Records for this exercise below:

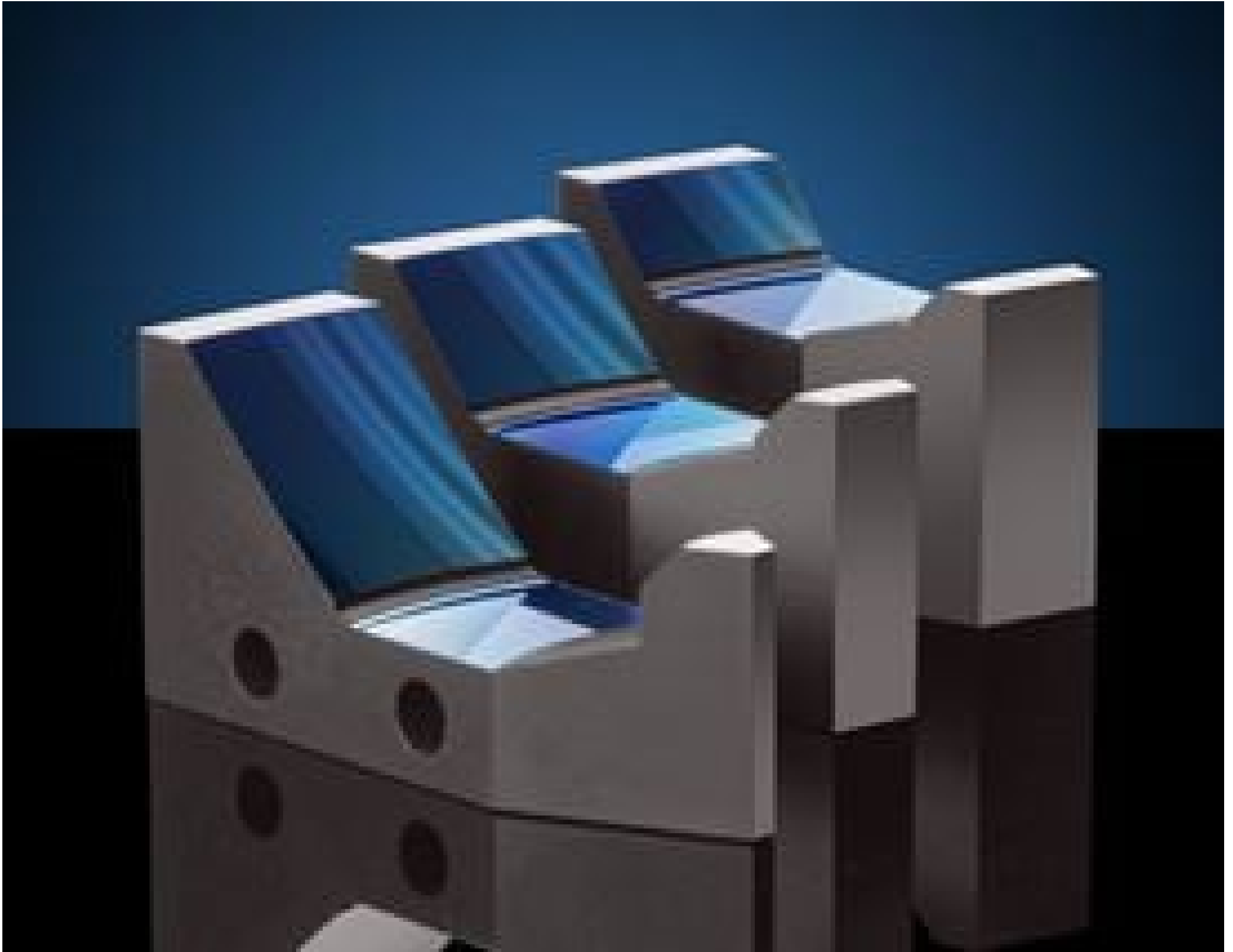
TECHSPEC® Canopus™ Reflective Beam Expanders
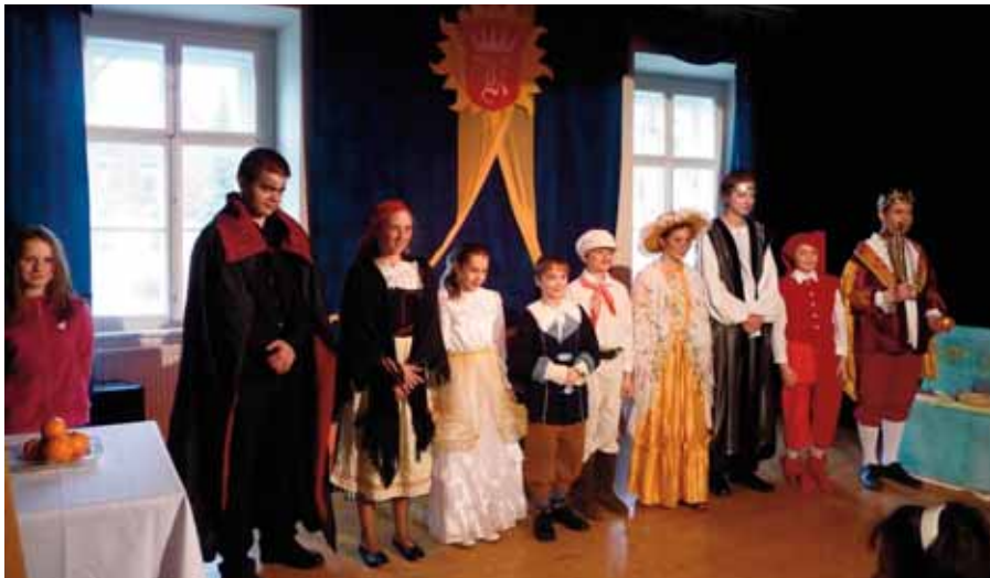
Představení Princezna ryba
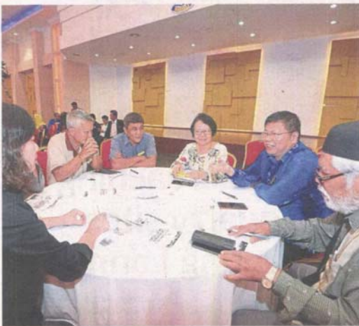
Stakeholders discussing what should be in MBPJ's 2020 budget.
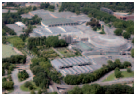
Die KHC Westfalenhallen GmbH bewirtschaftet natürlich auch die kompletten Westfalenhallen.

Die Gesellschaft stellt die gastronomische Versorgung bei Messen, Kongressen und Großveranstaltungen sicher. Sie be-
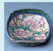
湖東焼「色絵牡丹図鉢」 江戸時代後期制作

季節は春。花いっぱいの展覧会を開催します。花は、古来より様々な芸術のジャンルにおいて表現されてきました。やきもの例外ではなく、東洋陶磁においては華やかな花を意匠化した伝統文様が器を彩ります。また現代陶芸においても、植物が持つ強い生命力、美しさ、清々しさにインスピレーションを受ける作家は多く、それぞれの思いをもって表現をおこなっているのです。本展では、「花」を入口に、様々な時代の陶による表現の世界を探ります。
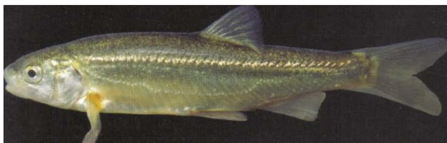
3. Phoxinellus pseudalepidotus , Mostarsko Blato, Bosna a Hercegovina, 60 mm (převzato z Kottelat & Freyhof, 2007)
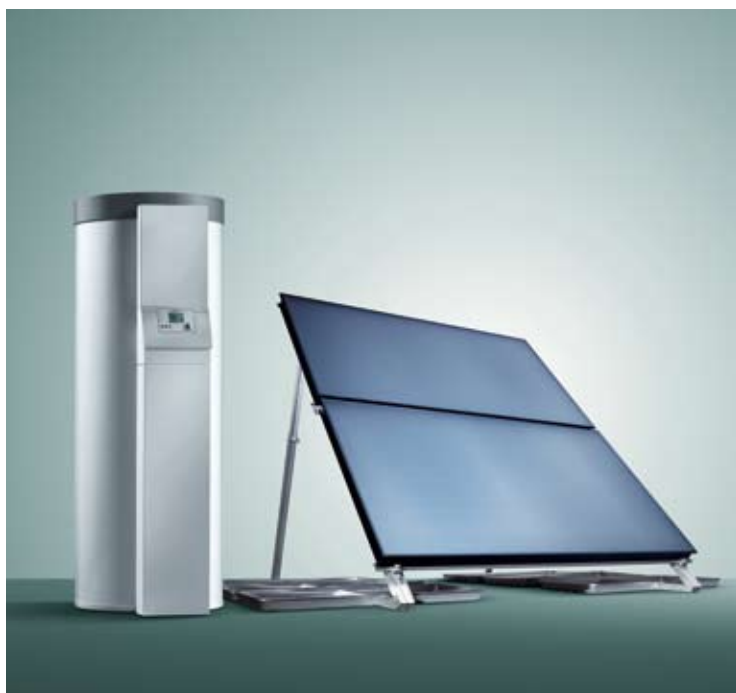
Solarsystem auroSTEP med 2 pladesolfangere
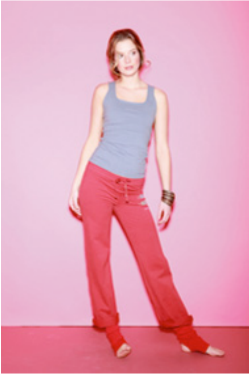
Yogatopp finnes i "nickel" som på bildet kr
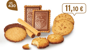
MÉLI-MÉLO DE BISCUITS 46 étuis de 2 - 900 g - 12,33 €/kg 8 étuis de 2 Rolinettes ChocoNoisettes - 10 étuis de 2 Craquants Cocolait 10 étuis de 2 ChocoSables - 10 étuis de 2 Galettes Caramel d'Isigny 8 étuis de 2 Petits-Beurre Tablette Chocolait DDM* : 5 mois
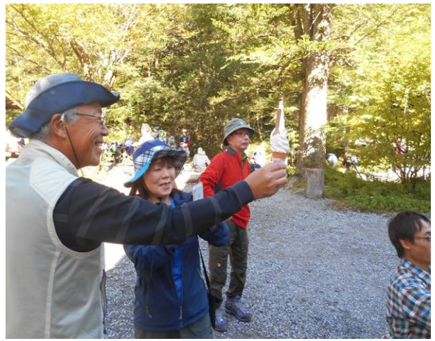
徳沢園で有名なアイスクリームを注文
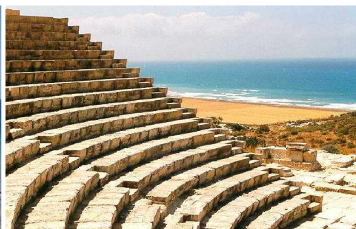
Thăng cảnh ở Cyprus
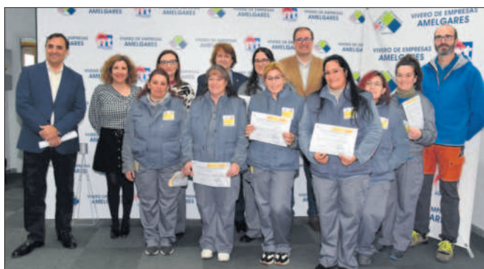
Autoridades locales y regionales junto al alumnado que ha terminado este ciclo formativo
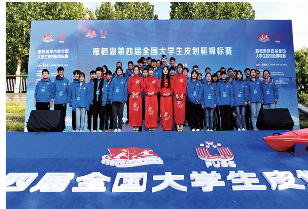
服务皮划艇锦标赛
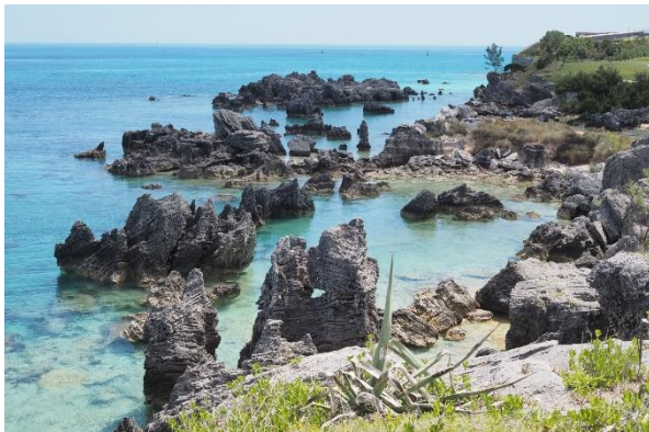
Die Nordküste von St. George's
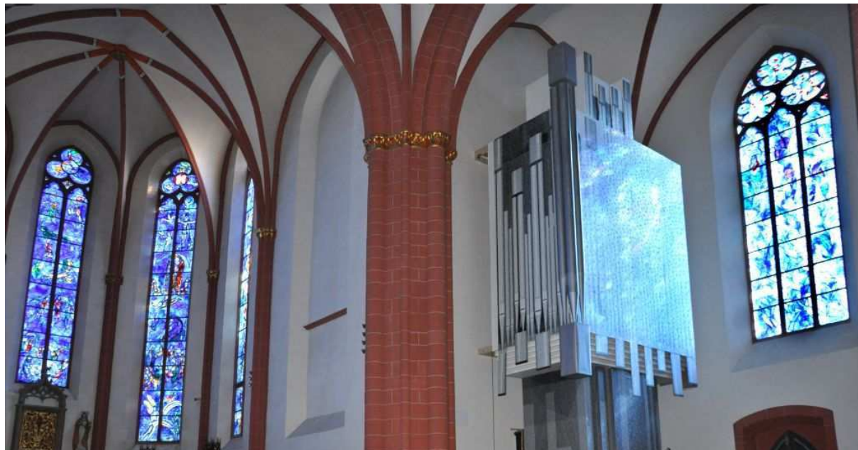
Das „Phantom der Orgel“ in St. Stephan

Mainzer Domchor singt für die neue Orgel in St. Stephan

End of Records for this exercise.

■ **Exercise aim**
Output the data above in full and exactly, with every image left out.

■ **Task result**
TECHSPEC® Canopus™ Reflective Beam Expanders
Představení Princezna ryba
Stakeholders discussing what should be in MBPJ's 2020 budget.
Die KHC Westfalenhallen GmbH bewirtschaftet natürlich auch die kompletten Westfalenhallen.

Die Gesellschaft stellt die gastronomische Versorgung bei Messen, Kongressen und Großveranstaltungen sicher. Sie be-
湖東焼「色絵牡丹図鉢」 江戸時代後期制作

季節は春。花いっぱいの展覧会を開催します。花は、古来より様々な芸術のジャンルにおいて表現されてきました。やきもの例外ではなく、東洋陶磁においては華やかな花を意匠化した伝統文様が器を彩ります。また現代陶芸においても、植物が持つ強い生命力、美しさ、清々しさにインスピレーションを受ける作家は多く、それぞれの思いをもって表現をおこなっているのです。本展では、「花」を入口に、様々な時代の陶による表現の世界を探ります。
3. Phoxinellus pseudalepidotus , Mostarsko Blato, Bosna a Hercegovina, 60 mm (převzato z Kottelat & Freyhof, 2007)
Solarsystem auroSTEP med 2 pladesolfangere
Yogatopp finnes i "nickel" som på bildet kr
MÉLI-MÉLO DE BISCUITS 46 étuis de 2 - 900 g - 12,33 €/kg 8 étuis de 2 Rolinettes ChocoNoisettes - 10 étuis de 2 Craquants Cocolait 10 étuis de 2 ChocoSables - 10 étuis de 2 Galettes Caramel d'Isigny 8 étuis de 2 Petits-Beurre Tablette Chocolait DDM* : 5 mois
徳沢園で有名なアイスクリームを注文
Thăng cảnh ở Cyprus
Autoridades locales y regionales junto al alumnado que ha terminado este ciclo formativo
服务皮划艇锦标赛
Die Nordküste von St. George's
Das „Phantom der Orgel“ in St. Stephan

Mainzer Domchor singt für die neue Orgel in St. Stephan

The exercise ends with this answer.